Out with the Mold
“This used to be my saying.”
My LA Spiritual Sister liked the quote and responded, “it’s still mine.” She still uses this quote today? I thought. “’I’m pretty sure I would still use the quote now. But I haven’t said it in a long time because I am surrounded by people whose opinions I value.” When was the last time I used those words?
College was an odd time for me. It took time to adjust to a new setting. It didn’t help that I wanted to be in California at film school. I was in Arizona thinking of ways to get to film school. For the first time started to explore my ethnic identity, which for the first time made me feel like a minority. So, I joined a Latina organization and other multicultural organizations. At first I felt at home because I surrounded by a group of people who understood me (or so I thought) and my culture. Over time, I saw how different I was and at times felt judged by those woman. I felt even like a minority of the minority. I was still surrounded by people whose energy didn’t match mine.
Those women were drama.
I used to laugh to myself as I saw or heard them talk about the drama that they allowed into their life. Many times I’d roll my eyes in my mind or shake my head. I remember I’d tell people, when I asked for your opinion it is because I valued it. I rarely asked for others opinions and I’d never asked those women for their opinion.
I never fully trusted them. I never fully belonged with them. I didn’t care to seek out their company. Mix alcohol with women who are drama and you’ve got more drama.
My sister aka the doc student was getting her masters in education at the time. One of her mentors told her that each year she reflects on her year and thinks about the people in her life. She let’s go of one friend who is holding up the values of friendship. I have since adopted her practice. Over time I let go of multiple friends at the end of each year. And then I started walking away from friendships mid-year. I even created a saying:
Friends should support you or leverage you forward, not hold you down, push you back or make you flat line. If they do, you need to let them go or walk away.
There are people that are draining and addicted to drama. If you befriend them, they will drain you and bring drama into your life.
I have come to realize that life isn’t hard. We make it hard.

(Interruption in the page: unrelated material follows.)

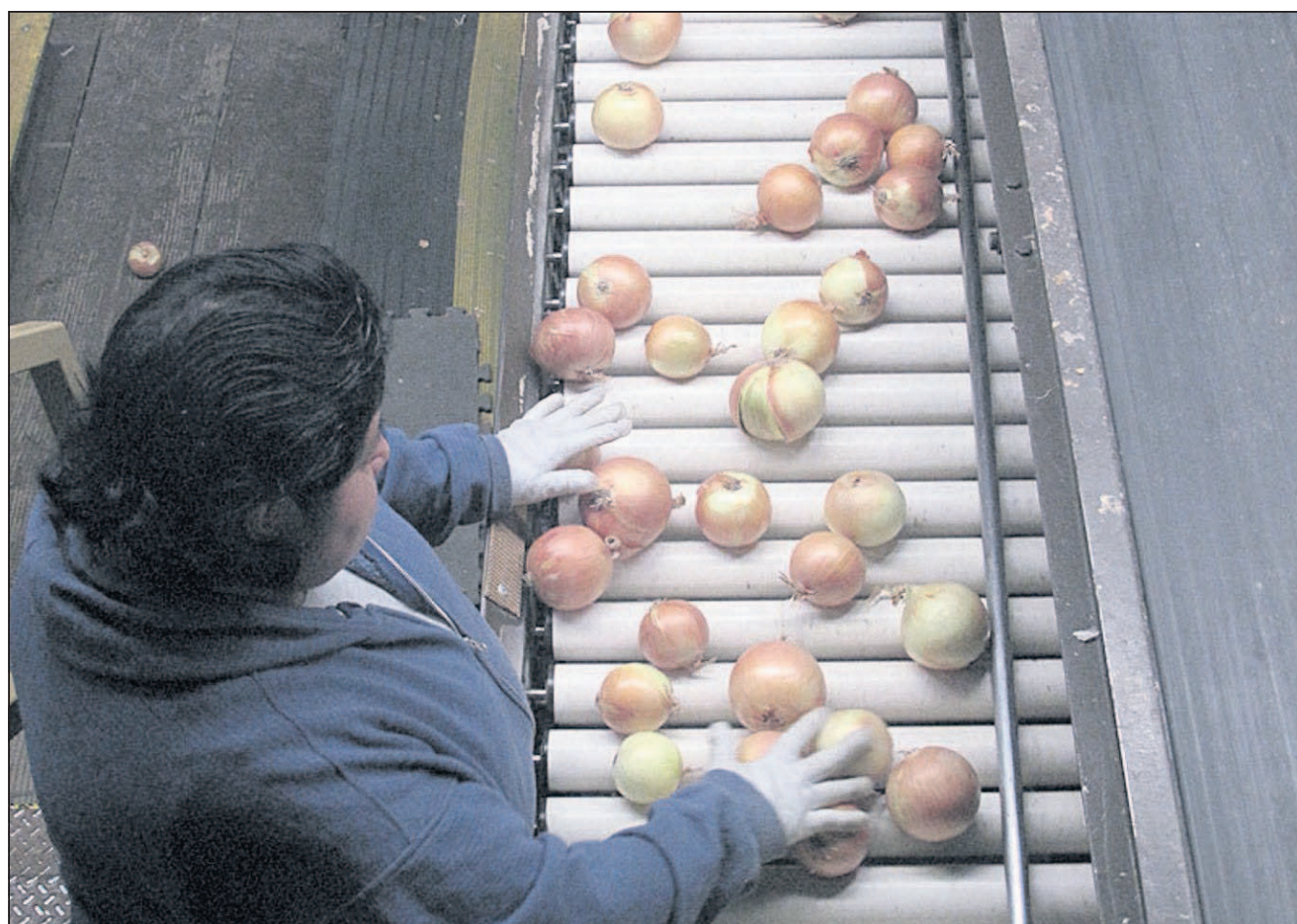
Yellow onions grown in the Treasure Valley area of Idaho and Oregon are sorted at the JC Watson Co. packing facility in Parma, Idaho, Sept. 15. Growers say they can live with the water quality provisions included in the FDA's final produce safety rule, which was released Nov. 13.

The bulb onions grown in this region are left in the field to dry for a few weeks following harvest. Field trials by Oregon State University researchers have shown these onions will meet the so-called die-off provisions.

My life has gotten a lot lighter as the result of letting go and I have so many more stories that I can write about on the topic. This practice may sound harsh, but it is necessary for me to keep my energy for people who are worth my time and energy.
It’s been a long time since I’ve had to let go of friendships in this way. I now allow friends to re-enter my life if they are mature and willing to be an equal in our friendships with both time and energy.

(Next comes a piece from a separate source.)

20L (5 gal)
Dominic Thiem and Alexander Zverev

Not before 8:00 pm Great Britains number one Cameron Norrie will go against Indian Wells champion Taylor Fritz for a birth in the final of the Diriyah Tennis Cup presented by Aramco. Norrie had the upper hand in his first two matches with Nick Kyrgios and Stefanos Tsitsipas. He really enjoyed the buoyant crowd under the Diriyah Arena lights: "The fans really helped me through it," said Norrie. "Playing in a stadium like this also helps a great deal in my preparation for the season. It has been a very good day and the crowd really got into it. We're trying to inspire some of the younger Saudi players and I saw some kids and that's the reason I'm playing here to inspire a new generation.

Recently a friend asked if he should keep his ex-girlfriend in his life who brings more heartache into his life then I happiness. I told him did I tell you of my practice of letting people go? He asked “you think I should let her go?” I said “let me tell you the saying and you can decide.” He was delighted at the thought. I said: “Friends should support you or leverage you forward, not hold you down, push you back or make you flat line. If they do, you need to let them go.”